For this study both primary and secondary methods of data collection were used based on their applicability and usefulness towards achieving the research objectives in the case study villages. In this study, Participatory Rural Appraisal (PRA) methods were used to introduce the research objective and REDD+ concept through PFCA in three of the 13 villages that own and manage AVLFR. PRA methods help to shift the positioning of scientific inquiry from the researcher, who acts as a facilitator, to the participants who guide the collection of data and their local analyses [13]. PRA methods allow local people to apply their indigenous knowledge, experience, and capacity to share information [14, 15]. Both men and women attended PRA exercises convened in each of the studied villages for two days. The group of participants included village government, Village Natural Resources Committee (VNRC) members, elders, and farmers. The PRA methods used included group discussion, pairwise ranking and scoring exercises, participatory forest mapping, a forest transect walk, participant observations, and focus group discussions.

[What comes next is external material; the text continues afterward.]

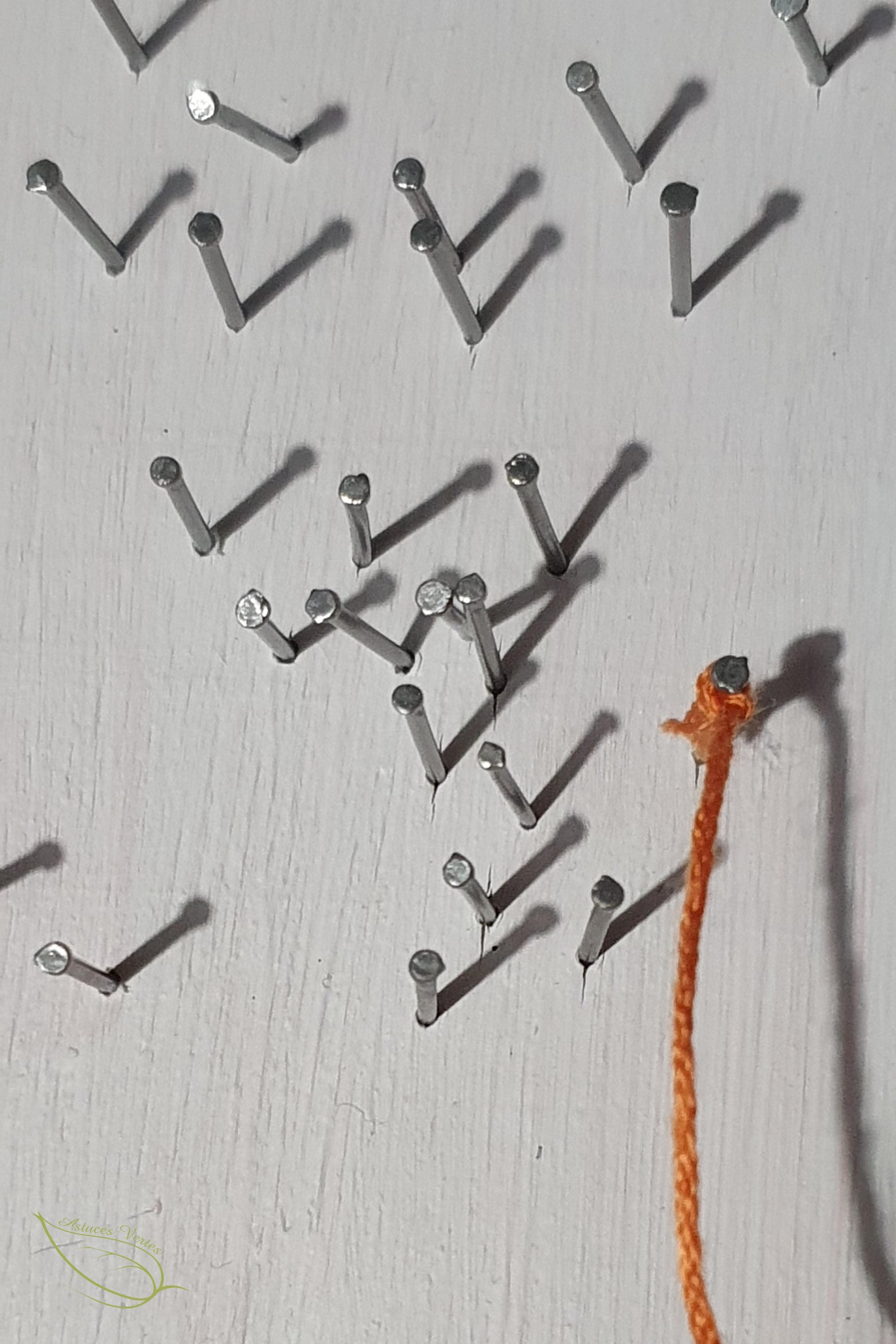 Attention à ne pas les planter trop profondément pour ne pas perforer la planche ! Pensez également que la tête va permettre de tenir le fil par la suite donc elle doit bien ressortir et en même temps le clou doit être suffisamment enfoncé pour ne pas bouger par la suite. Bref, c’est une question de doigté, ça va venir 😉
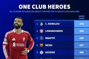 體育資訊11月2日訊 英超第10輪比賽,薩拉赫破門,利物浦主場(chǎng)2-0擊敗維拉。薩拉赫各賽事為利物浦攻入250球,德國轉(zhuǎn)會(huì)市場(chǎng)統(tǒng)計(jì)了本世紀(jì)五大聯(lián)賽球員為單一俱樂部攻入250球所用場(chǎng)次,并列出榜單。

Group discussion was used to introduce the research objectives and to collect the information on villagers’ perception and their willingness to be involved in the REDD+ initiative. Participants were divided into two groups of men and women that constituted 15 participants each. The discussion of each group was guided by a checklist. The technique was used to select villagers to carry out forest carbon assessment and monitoring and to train them on the PFCA techniques. The PFCA was done using the field guide for assessing forest carbon by local communities developed by K: TGAL research project: the guide outlines steps that should be followed for assessing carbon of any forest. During the group discussions villagers were asked to select the members of the Village Forest Assessment Team (VFAT) who will participate in the PFCA. In each of the three case study villages, eight (8) villagers were selected from the village government, the VNRC, and the community at large to form the VFAT (Table 1). All members of the VFAT were permanent residents of their respective village, and most of them have standard seven educations except one elderly man from Ngongowele who had adult education, another elderly man from Mihumo who attained class four during the colonial era, and a third elderly man from Ngongowele who had informal education (Table 1). The age of the team members ranges from 21 to 70 years and 29% of them are women.

tab1
Table 1: List of villagers selected to form VFAT for the three studied villages.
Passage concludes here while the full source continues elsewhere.